Ben hat einen scharfen Blick auf die Machtverhältnisse der Branche. Zwar gebe es immer mehr Mitbewerber wie Google mit seinen TPUs oder Amazon mit seinen Trainium-Chips. Aber: „Nvidia nimmt eine dominantere Marktposition ein in Wirklichkeit“, stellt er fest – entgegen mancher Prognosen. Doch das Bild ist differenzierter: Die großen Data Center mit Millionen von Chips werden „eigentlich exklusiv mit Nvidia-Karten bestückt.“ Kleinere Firmen hingegen, die vielleicht 100 Grafikkarten brauchen, gehen zunehmend zu AMD oder Google TPUs.

„Die Anzahl der Firmen, die Nvidia-Hardware nutzen, sinkt proportional, aber die Anzahl an Hardware, die gekauft wird – da ist Nvidia immer noch Nummer eins, und das wird sich nicht bald ändern“, sagt Koska.

Die neueste Generation Nicht-Nvidia-Hardware erreiche mittlerweile die Performance der vorletzten Nvidia-Generation, sagt Ben. Entscheidend werde künftig die „Performance pro Watt“, denn: „Die KI-Trainings sind eigentlich von Strom limitiert.“

Die nächste Welle: Nicht nur Sprachmodelle

Wohin geht die Reise 2026? Ben sieht einen klaren Trend: weg von reinen Large Language Models, hin zu spezialisierten Anwendungen. „Medical AI, Defense – das sind zurzeit große Themen. Der Fokus geht bei Startups eigentlich weg von ‚wir trainieren das nächste Gemini-Modell‘.“

Der Grund ist simpel: „Wenn ein Trainingsrun 50 Millionen kostet, macht es kaum Sinn.“ Die großen Player – OpenAI, Google, Anthropic – haben sich eingegraben.

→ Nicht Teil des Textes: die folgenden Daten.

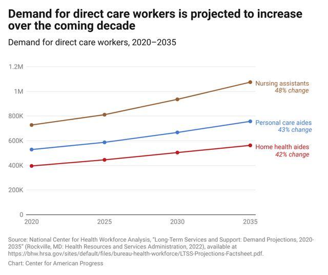 根据PHI(美国长期护理工人权益机构)发布的《Direct Care Workers in the United States: Key Facts 2025》报告,2024至2034年间,居家护理行业将面临超过610万个岗位空缺。

Neue Chancen liegen woanders: Drug Discovery, Image Recognition, spezialisierte Modelle für konkrete Anwendungen. „Es gibt tausende Use Cases, die heute einfach noch nicht explored wurden.“

24/7 – mit Pausen

Die Seed-Runde ist durch, der Y-Combinator-Demo-Day vorbei. „Jetzt darf ich mal zwei Tage Pause machen“, sagt Ben mit einem Lachen, „und dann geht’s zurück an die 24/7-Arbeit.“

Die Pläne? Recruiting – aber kontrolliert. „Wir fokussieren uns darauf, ein kleines Team zu bleiben, dass wir auch schnellstmöglich arbeiten können.“ 97 Mitarbeiter, wie scherzhaft in den Raum geworfen, werden es wohl nicht werden.

Zunächst bleibt das Team in San Francisco, dort wo die Kunden sind. Ein Engineering- oder Sales-Office in Europa? „So weit haben wir ehrlich gesagt nicht geplant. Wir fokussieren uns mal darauf, unsere existierenden und zukünftigen Kunden glücklich zu machen.“ Die nächste Station: Series A. Für drei Teenager aus Wien ein bemerkenswerter Weg.

Die österreichische KI-Pipeline

Die Koska-Brüder reihen sich ein in eine erstaunliche österreichische Success-Story im Silicon Valley. Nach Magic.dev (Erik Steinberger, Sebastian De Ro) und newsrooms.ai (Matteo Rosoli, Alex Maitz) zeigt SF Tensor: Die Kombination aus HTL-Ausbildung und Hochbegabtenförderung kann Weltklasse-Talente hervorbringen.

„Es ist schon ein Wahnsinn, was da für Output ist“, sagt AI-Austria-Gründer Clemens Wasner zusammen. Absolventen der Spengergasse gehen nach Cambridge oder MIT, steigen mit 19 bei Infineon auf Senior-Positionen ein – oder gründen eben mit 16 ein Startup im Silicon Valley.

Für Österreichs Tech-Szene sind die Koskas mehr als eine Erfolgsgeschichte. Sie sind der Beweis, dass Wien – mit der richtigen Förderung und dem nötigen Ehrgeiz – durchaus mit Palo Alto mithalten kann. Ob mit oder ohne Matura.